Here’s a picture of “The Brief Wondrous Life of Oscar Wao”. This isn’t my picture. I refuse to fold books this way. (Photo credit: flickr)

That was actually one of the reasons I picked this book up in the first place; I’d heard (actually read) about the extreme nerdiness of the narrator, which — being a big nerd myself — appealed to me. It’s a good way into the story before you figure out who the narrator is or how he fits into the plot. There’s a lot of Dominican history for him to fill in, and luckily he does so with style.

I liked the protagonist, Oscar. He was an extremely sympathetic character (shy, fat, nerdy, a writer, a dreamer), and I found myself hoping that his life was more “wondrous” than “brief”… alas, I was disappointed.

I liked “The Brief Wondrous Life” and I was interested in it while I was reading it, but it still took me a while to get through.  It just didn’t hook me like some books do, so I didn’t experience that ‘can’t put it down, have to finish it right now’ feeling. You know the one — it’s like an adrenaline rush, but for the sort of people who like armchairs and that new book smell. No? Just me? Okay.

The Ghost Map: The Story of London’s Most Terrifying Epidemic — and How It Changed Science, Cities, and the Modern World by Steven Johnson (2006)

If you look closely, you can see the map as the border on the front cover. (Photo credit: Wikipedia)

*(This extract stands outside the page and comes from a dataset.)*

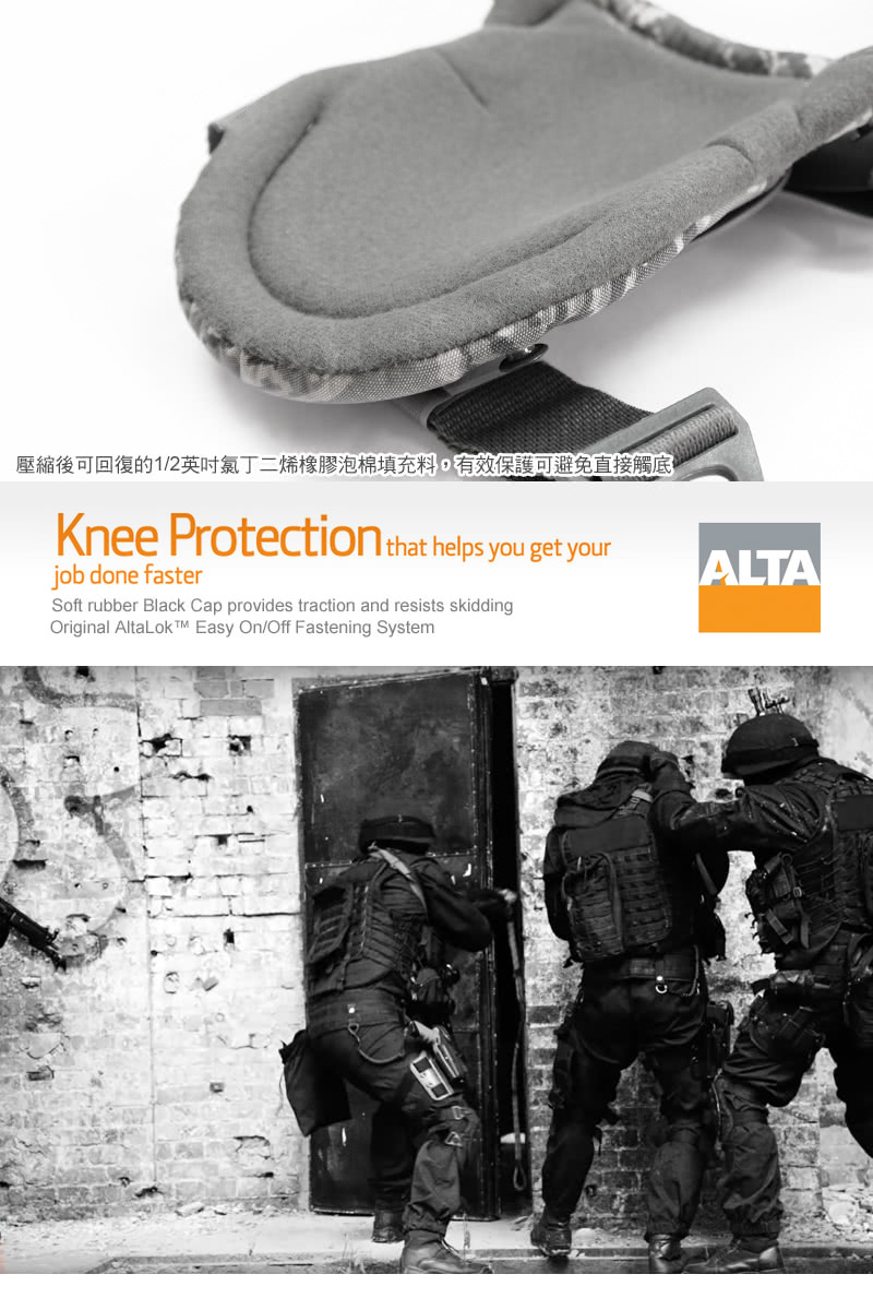 ALTA深以身為業界最高品質護膝、護肘的原開發商為榮。在這段時間裡,ALTA為這個產業的使用者、軍方、戰術以及戶外運動市場提供了超過350萬副護膝,由熟悉此產業需求的專家幫助ALTA設計產品。ALTA產品具備創新設計、優質結構,且最重要的就是能滿足使用者需求的實用性產品。亦有提供符合美國國防部紡織品服裝採購的貝瑞修正案Berry Amendment的產品。

You wouldn’t think a book about a cholera outbreak in 1850s London would be very interesting, but this one certainly was. The narrative describes Dr. John Snow, an anaesthesiologist and researcher, and the Reverend Henry Whitehead, the local cleric, over the course of a week as they investigate the vicious outbreak that hits their city.

Working with what they knew at the time — which, in 1854, wasn’t much — they had to pull so much information together to make any sense of the cholera outbreak: how and where waste is disposed, where residents get their water, who had died (and where and when and how it had happened), did the terrible smell in the air have anything to do with it? At that time, the prevailing thought was that cholera was an air-borne disease, and it mainly affected the poorest and dirtiest members of society. Snow and Whitehead had to do a lot of work to find out where the cholera had come from and how it worked, in order to try to save the Golden Square neighbourhood where the outbreak took place.

The level of detail is phenomenal. Johnson has assembled so many bits and pieces to create this book, and each bit is interesting on its own. Some of these 150-year-old anecdotes are worth the price of admission.

Johnson describes Snow in particular as being a “consillient” thinker — that is, he took what he knew from his research in so many different areas (including biology, sociology, psychology, pharmacology, statistics,…) and made connections between those concrete facts and abstract ideas to translate them to another field: epidemiology research.

Johnson’s brain seems to operate the same way. The art of tanning leather; the propensity among certain ethnic groups to lactose intolerance; information design and mapping; nuclear weaponry; drinking brandy: what could any of these things have to do with cholera? Not much, you’d guess, if you hadn’t read the book.